• What is being asked: Without carrying over a single picture, write out the records below exactly.
(Beginning of Extracted records)
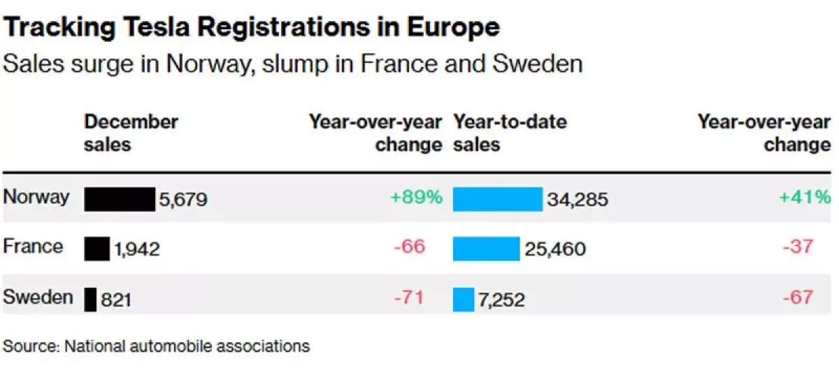 Как сообщает Bloomberg, успех сопутствовал Tesla только в Норвегии, где электромобили как транспорт стали визитной карточкой страны. В остальных странах Европы продажи машин Tesla оказались для компании сплошным разочарованием.
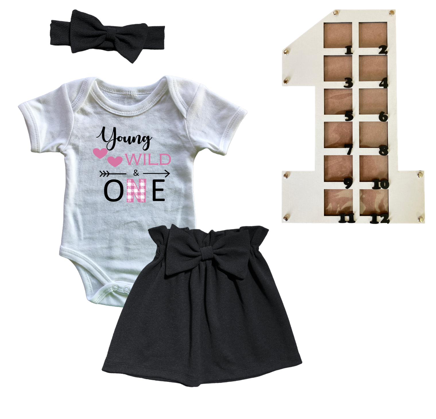 1st Birthday | Skirt, vest & Headband | Photo Frame | Black | Young, Wild & One
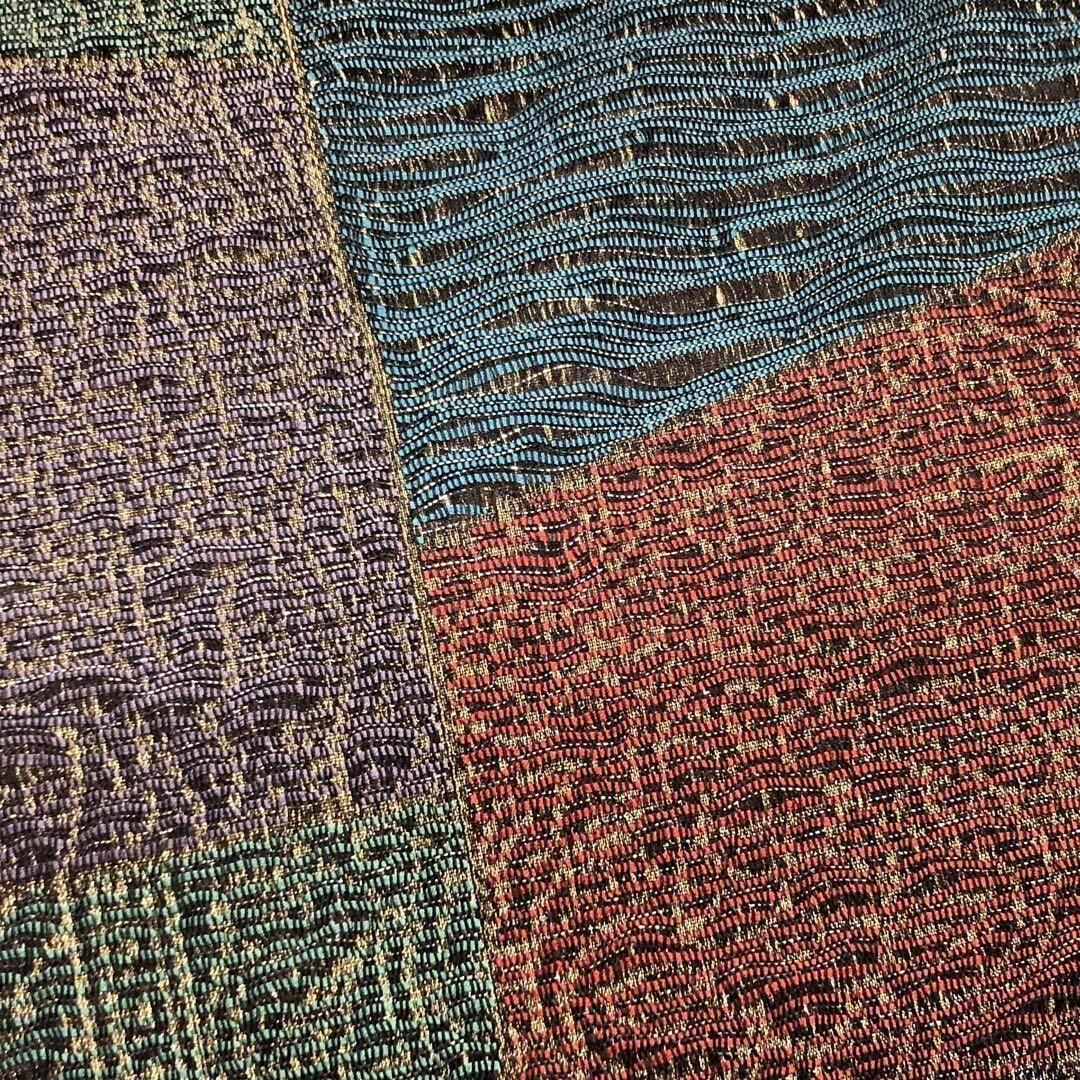 彩羅紗と題された金糸を使った本泥染の落ち着きも感じられる色彩豊かなお色味の柄裄が素敵なお品でございます。
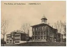 Canisteo's first school was a one-room school on Greenwood Street, across from the present Baptist Church.[8][9] A schoolhouse was built in 1826.[10] There were a variety of one-room schools around the township.
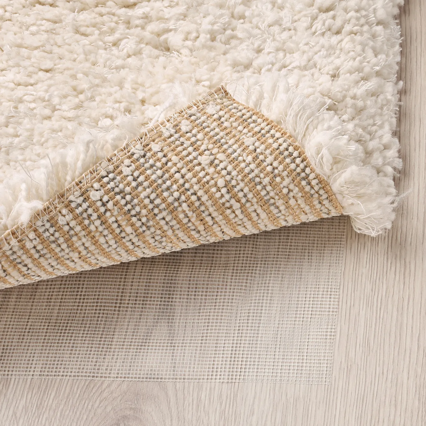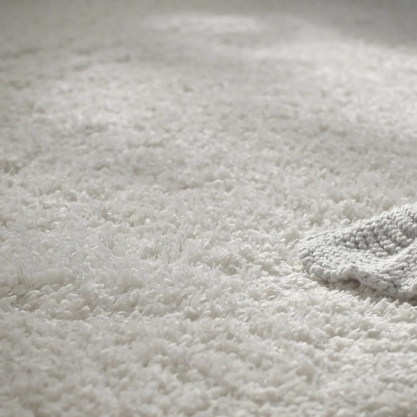 Новый взгляд на классический пушистый ковёр! Длинный белый ворс сплетён из пряжи разной толщины, создавая мягкую и уютную текстуру, на которую приятно садиться, ходить, играть или даже просто лежать.
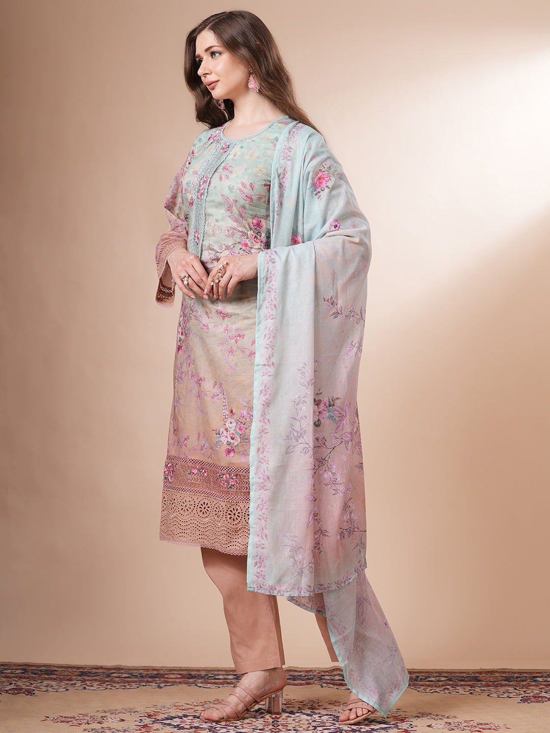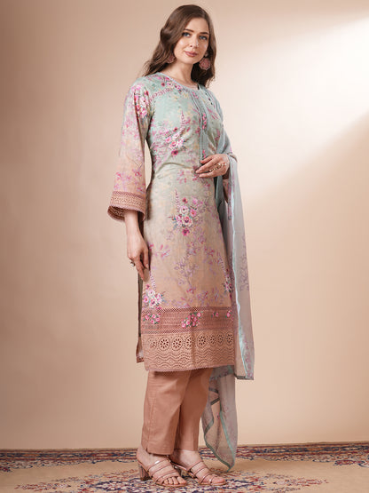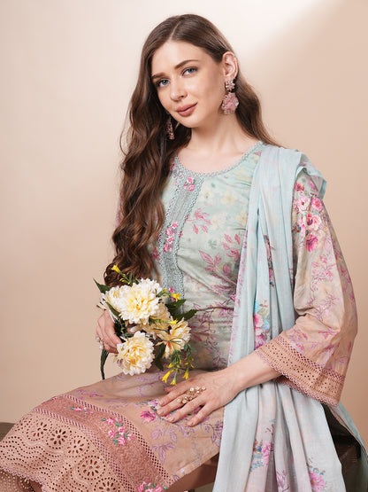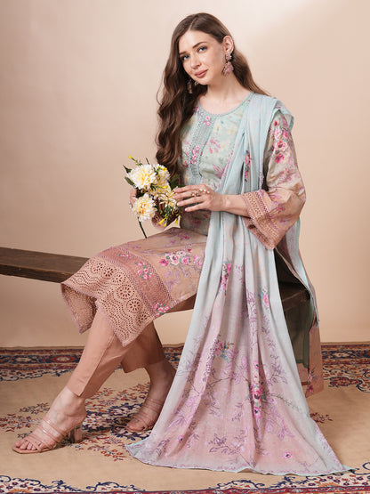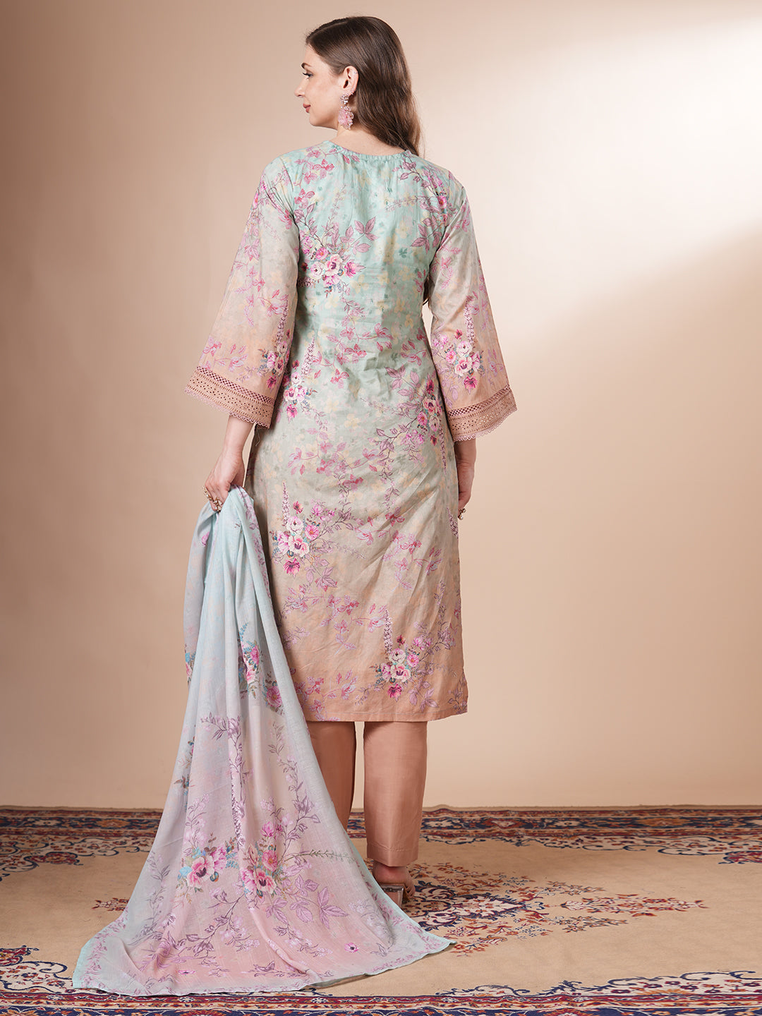 Floral Printed Embroidered Straight Fit Kurta with Pant and Dupatta - Mutli
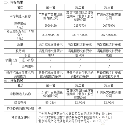 值得一提的是,广州市时空视点数字科技有限公司和广东省广告集团股份有限公司虽然参与竞标,但是分别以81.74分、81.48分的综合得分遗憾出局,这两家公司也是汽车公关领域颇具名气的企业,此次未能中标折射出本次竞争的残酷性。
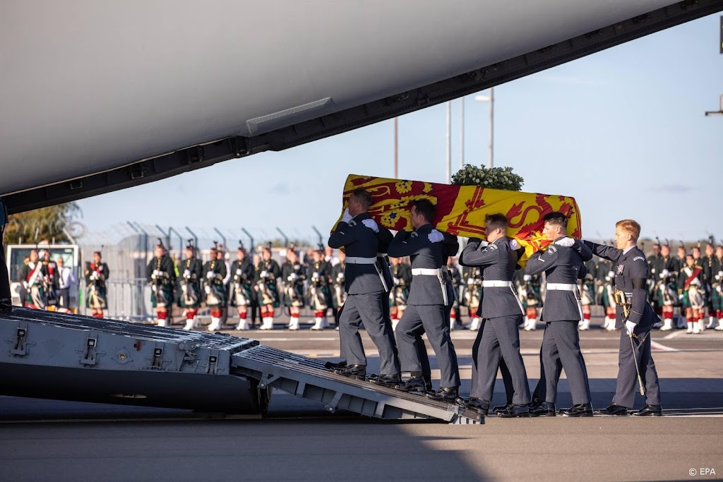 De Britse koningin Elizabeth overleed donderdag op 96-jarige leeftijd in haar Schotse landgoed Balmoral Castle. Ze werd dinsdag in het bijzijn van haar dochter prinses Anne met een militair vliegtuig van Edinburgh naar de Engelse hoofdstad gebracht. Dinsdagavond is haar kist aangekomen bij Buckingham Palace. Woensdag wordt de koningin in een processie met koning Charles en de andere royals naar het Britse parlementsgebouw gebracht, waar belangstellenden vier dagen de gelegenheid hebben Elizabeth de laatste eer te bewijzen. Er worden honderdduizenden mensen verwacht.
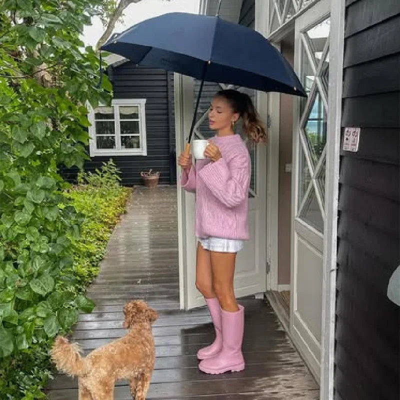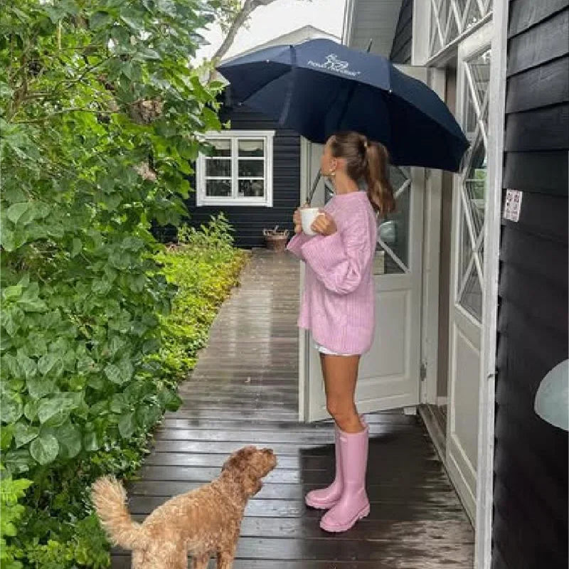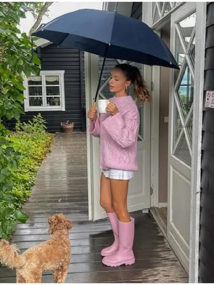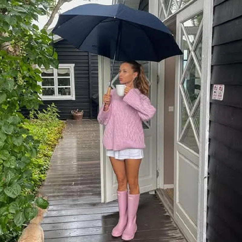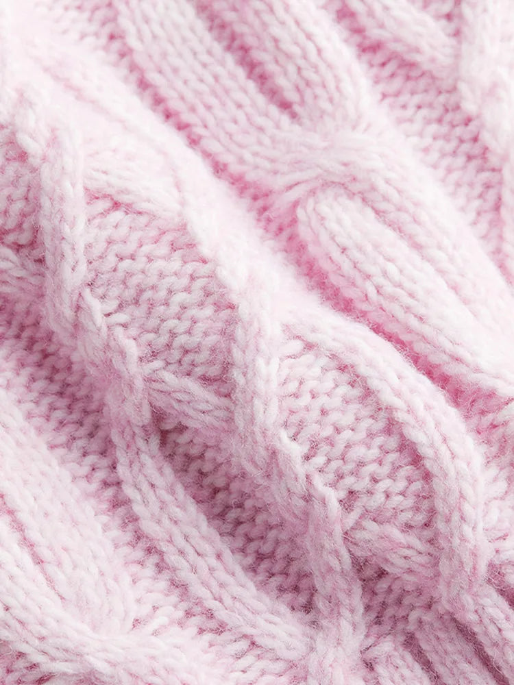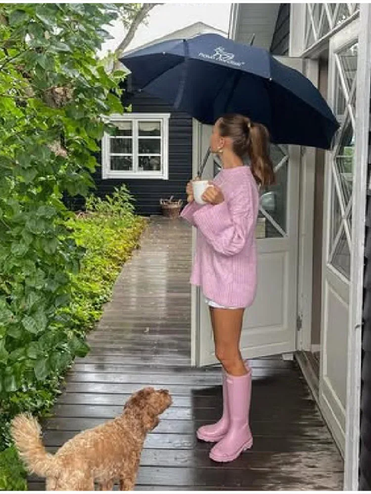 MQTIME - Women's Chic Sweet Pink O Neck Sweater Casual Loose Soft Comfortable Jacquard Long Sleeves 2025 Lady Autumn Winter Y2K Outwears
(End of Extracted records)
• Finished task:
 Как сообщает Bloomberg, успех сопутствовал Tesla только в Норвегии, где электромобили как транспорт стали визитной карточкой страны. В остальных странах Европы продажи машин Tesla оказались для компании сплошным разочарованием.
 1st Birthday | Skirt, vest & Headband | Photo Frame | Black | Young, Wild & One
 彩羅紗と題された金糸を使った本泥染の落ち着きも感じられる色彩豊かなお色味の柄裄が素敵なお品でございます。
 Canisteo's first school was a one-room school on Greenwood Street, across from the present Baptist Church.[8][9] A schoolhouse was built in 1826.[10] There were a variety of one-room schools around the township.
 Новый взгляд на классический пушистый ковёр! Длинный белый ворс сплетён из пряжи разной толщины, создавая мягкую и уютную текстуру, на которую приятно садиться, ходить, играть или даже просто лежать.
 Floral Printed Embroidered Straight Fit Kurta with Pant and Dupatta - Mutli
 值得一提的是,广州市时空视点数字科技有限公司和广东省广告集团股份有限公司虽然参与竞标,但是分别以81.74分、81.48分的综合得分遗憾出局,这两家公司也是汽车公关领域颇具名气的企业,此次未能中标折射出本次竞争的残酷性。
 De Britse koningin Elizabeth overleed donderdag op 96-jarige leeftijd in haar Schotse landgoed Balmoral Castle. Ze werd dinsdag in het bijzijn van haar dochter prinses Anne met een militair vliegtuig van Edinburgh naar de Engelse hoofdstad gebracht. Dinsdagavond is haar kist aangekomen bij Buckingham Palace. Woensdag wordt de koningin in een processie met koning Charles en de andere royals naar het Britse parlementsgebouw gebracht, waar belangstellenden vier dagen de gelegenheid hebben Elizabeth de laatste eer te bewijzen. Er worden honderdduizenden mensen verwacht.
 MQTIME - Women's Chic Sweet Pink O Neck Sweater Casual Loose Soft Comfortable Jacquard Long Sleeves 2025 Lady Autumn Winter Y2K Outwears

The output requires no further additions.